There are a significant number of factors that could cause our actual results to differ materially from statements made in this press release, including but not limited to: our limited operating history; our history of losses; intense competition in the market we compete in; fluctuations in our operating results; actual or perceived network or security incidents against us; actual or perceived defects, errors or vulnerabilities in our platform; our ability to successfully integrate any acquisitions and strategic investments; risks associated with managing our rapid growth; general global, political, economic, and macroeconomic climate, including but not limited to, the impacts from the current U.S. presidential administration; changes in tariffs and trade restrictions, actual or perceived instability in the banking industry; supply chain disruptions; a potential recession, inflation, and interest rate volatility; geopolitical conflicts around the world; our ability to attract new and retain existing customers, or renew and expand our relationships with them; the ability of our platform to effectively interoperate within our customers' IT infrastructure; disruptions or other business interruptions that affect the availability of our platform including cybersecurity incidents; the failure to timely develop and achieve market acceptance of new products and subscriptions as well as existing products, subscriptions and support offerings; rapidly evolving technological developments in the market for security products and subscription and support offerings; length of sales cycles; and risks of securities class action litigation.

Additional risks and uncertainties that could affect our financial results are included under the captions “Risk Factors” and “Management’s Discussion and Analysis of Financial Condition and Results of Operations” set forth in our filings and reports with the Securities and Exchange Commission (“SEC”), including our most recently filed Annual Report on Form 10-K, subsequent Quarterly Reports on Form 10-Q and other filings and reports that we may file from time to time with the SEC, copies of which are available on our website at investors.sentinelone.com and on the SEC’s website at www.sec.gov.

You should not rely on these forward-looking statements, as actual outcomes and results may differ materially from those contemplated by these forward-looking statements as a result of such risks and uncertainties. All forward-looking statements in this press release are based on information and estimates available to us as of the date hereof, and were based on current expectations, estimates, forecasts, and projections as well as the beliefs and assumptions of management. We do not assume any obligation to update the forward-looking statements provided to reflect events that occur or circumstances that exist after the date of this press release or to reflect new information or the occurrence of unexpected events, except as required by law. We may not actually achieve the plans, intentions, or expectations disclosed in our forward-looking statements, and you should not place undue reliance on our forward-looking statements.

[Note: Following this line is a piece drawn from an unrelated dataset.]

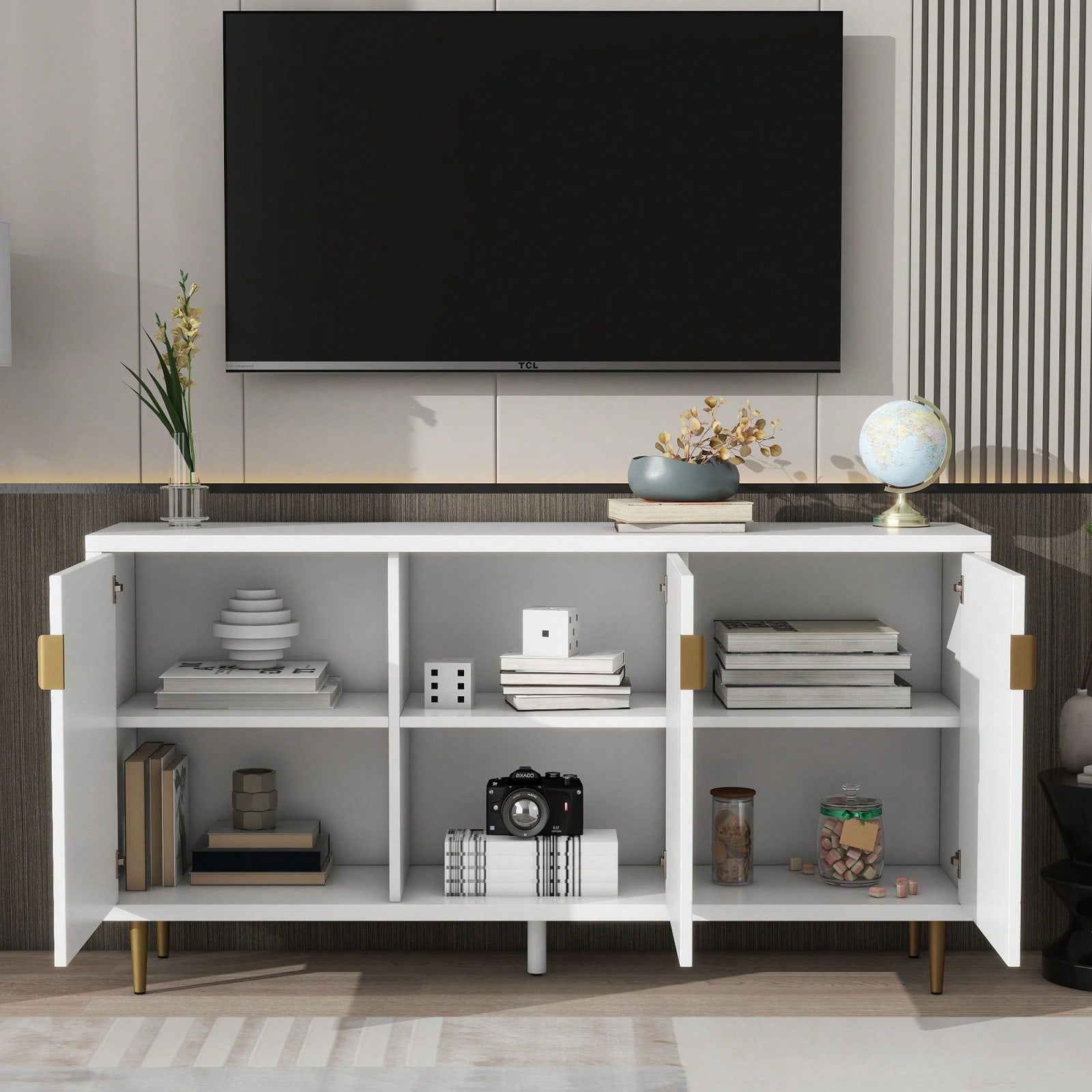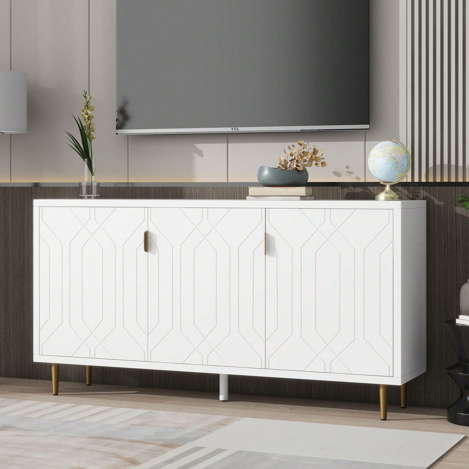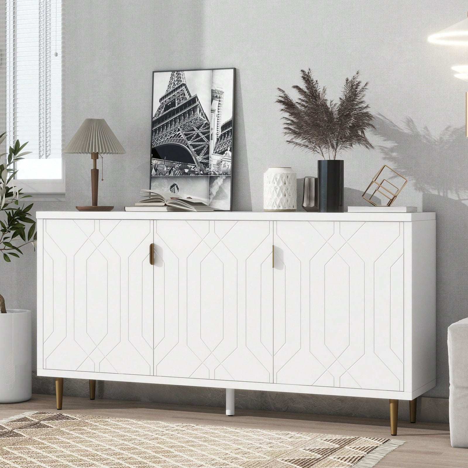 This modern TV stand with 3 doors and adjustable shelves is perfect for any contemporary modern decor. It is crafted from sturdy MDF and particle board, featuring a simple white sideboard cabinet with clean lines and sleek tapered metal legs. The cabinet is ideal for keeping DVDs, game consoles, magazines, and other items neatly organized in your living room, bedroom, dining room, hallway, or kitchen.

Non-GAAP Financial Measures

In addition to our results being determined in accordance with GAAP, we believe the following non-GAAP measures are useful in evaluating our operating performance. We use the following non-GAAP financial information to evaluate our ongoing operations and for internal planning and forecasting purposes. We believe that non-GAAP financial information, when taken collectively, with the financial information presented in accordance with GAAP, may be helpful to investors because it provides consistency and comparability with past financial performance. However, non-GAAP financial information is presented for supplemental informational purposes only, has limitations as an analytical tool, and should not be considered in isolation or as a substitute for financial information presented in accordance with GAAP.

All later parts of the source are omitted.